■ WORK TASK: Start to finish, write out the entries exactly, leaving the pictures aside.

++++

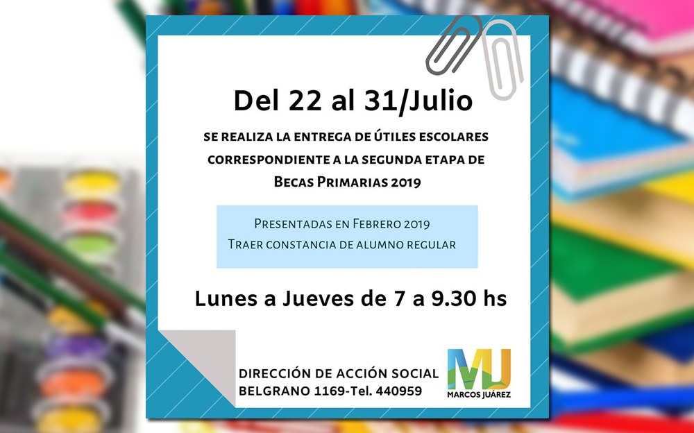 El área de Acción Social de la Municipalidad de Marcos Juárez realizará la entrega de útiles correspondientes a la segunda etapa de las Becas Primarias 2019.
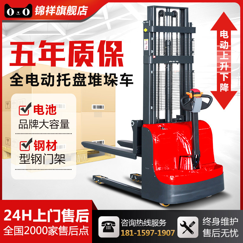 Jinxiang Full Electric Electric Forklift 1 Ton Small 2 -тон гидравлический стек Высокий автомобиль Полностью автоматически повышенный подъем подъем, установка, разгрузка стека, ток
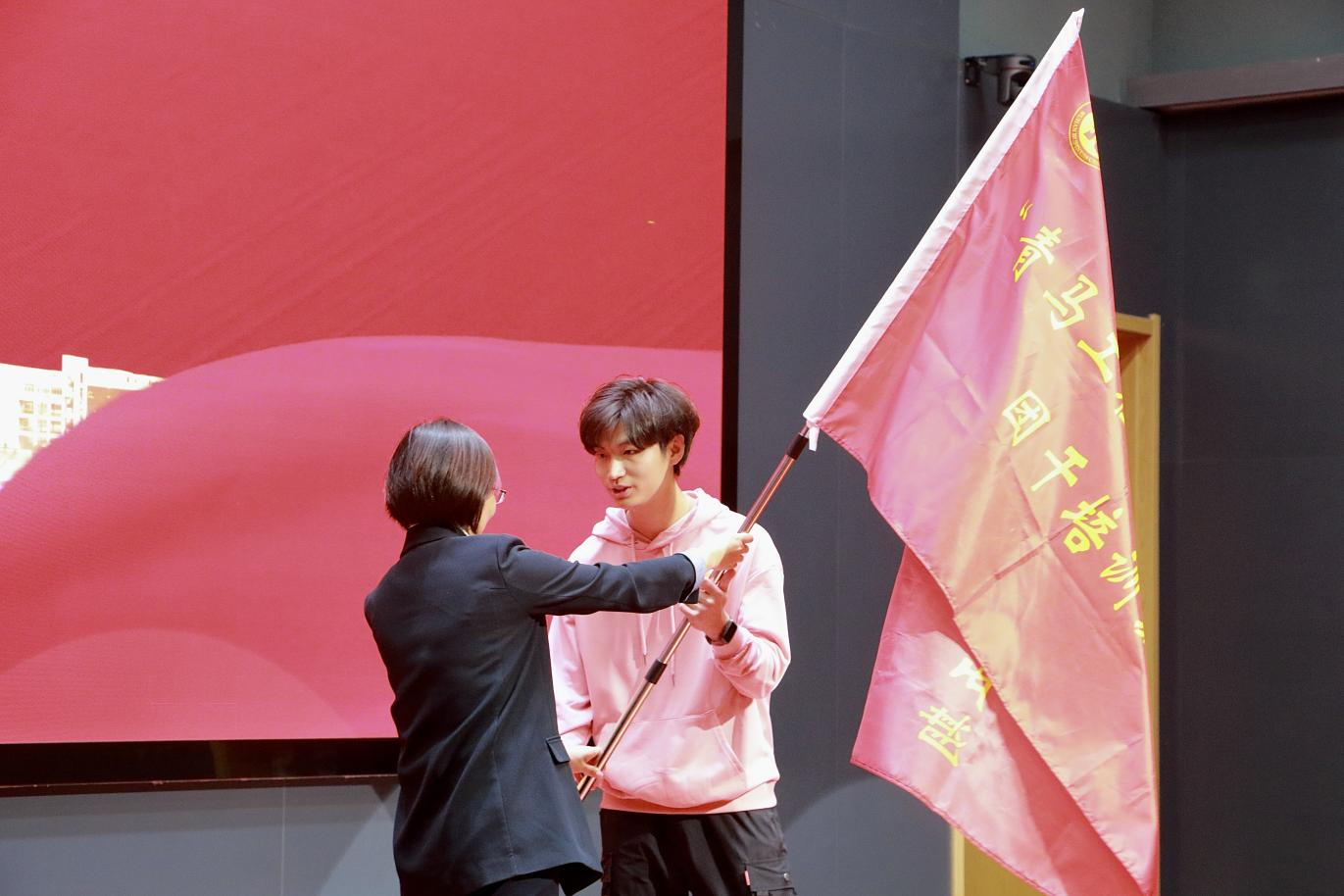 马克思主义学院党委书记陈丽为第35期“青马工程”团干培训班代表授旗 高奕涵摄
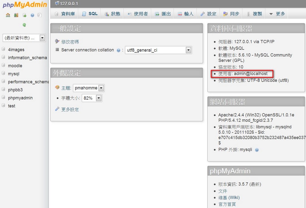 本文的 phpMyAdmin 為 3.5.7 版圖示
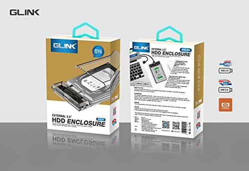 - جلينك حافظة هارد ديسك خارجية مقاس 2.5 انش تدعم محركات الأقراص الصلبة ساتا 2.5 انش إلى USB 2.0 ومحركات الأقراص ذات الحالة الصلبة حتى 4 تيرابايت. تصميم مبتكر شفاف يساعدك على تمييز القرص الصلب الموجود بالداخل. مصنوعة من مادة البولي كربونات الشفافة عالية الجودة.
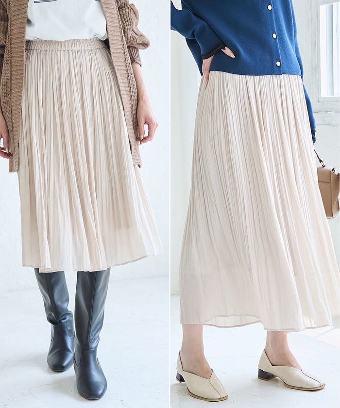自分好みのサイズをチョイス!!人気の着丈が選べるシリーズ。広がりすぎず、ストンとした落ち感で大人な印象に。総ウエストゴム仕様で着心地らくらく。
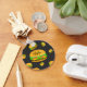 Cool and fun burger pattern on dark grey background. Yummy vector illustration made with toasty sesame bun with meat patty, salad, tomatos and cheese.
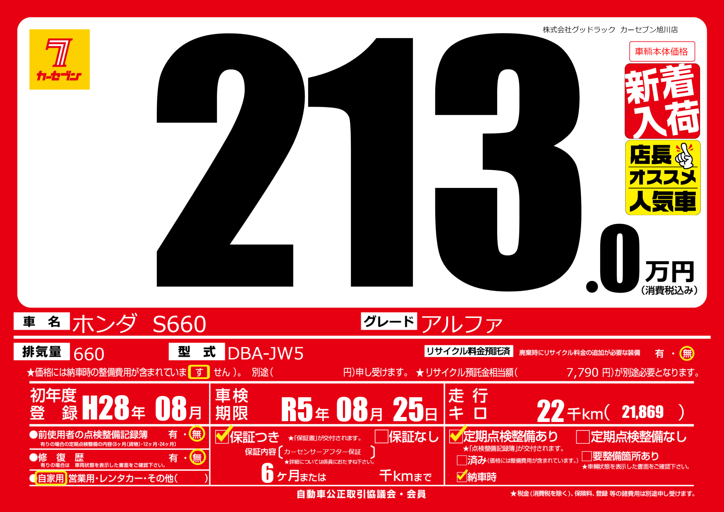 | 車名 | ホンダ S660 | グレード ミッション 排気量 |

++++

■ PROBLEM SOLUTION:
 El área de Acción Social de la Municipalidad de Marcos Juárez realizará la entrega de útiles correspondientes a la segunda etapa de las Becas Primarias 2019.
 Jinxiang Full Electric Electric Forklift 1 Ton Small 2 -тон гидравлический стек Высокий автомобиль Полностью автоматически повышенный подъем подъем, установка, разгрузка стека, ток
 马克思主义学院党委书记陈丽为第35期“青马工程”团干培训班代表授旗 高奕涵摄
 本文的 phpMyAdmin 為 3.5.7 版圖示
 - جلينك حافظة هارد ديسك خارجية مقاس 2.5 انش تدعم محركات الأقراص الصلبة ساتا 2.5 انش إلى USB 2.0 ومحركات الأقراص ذات الحالة الصلبة حتى 4 تيرابايت. تصميم مبتكر شفاف يساعدك على تمييز القرص الصلب الموجود بالداخل. مصنوعة من مادة البولي كربونات الشفافة عالية الجودة.
自分好みのサイズをチョイス!!人気の着丈が選べるシリーズ。広がりすぎず、ストンとした落ち感で大人な印象に。総ウエストゴム仕様で着心地らくらく。
 Cool and fun burger pattern on dark grey background. Yummy vector illustration made with toasty sesame bun with meat patty, salad, tomatos and cheese.
 | 車名 | ホンダ S660 | グレード ミッション 排気量 |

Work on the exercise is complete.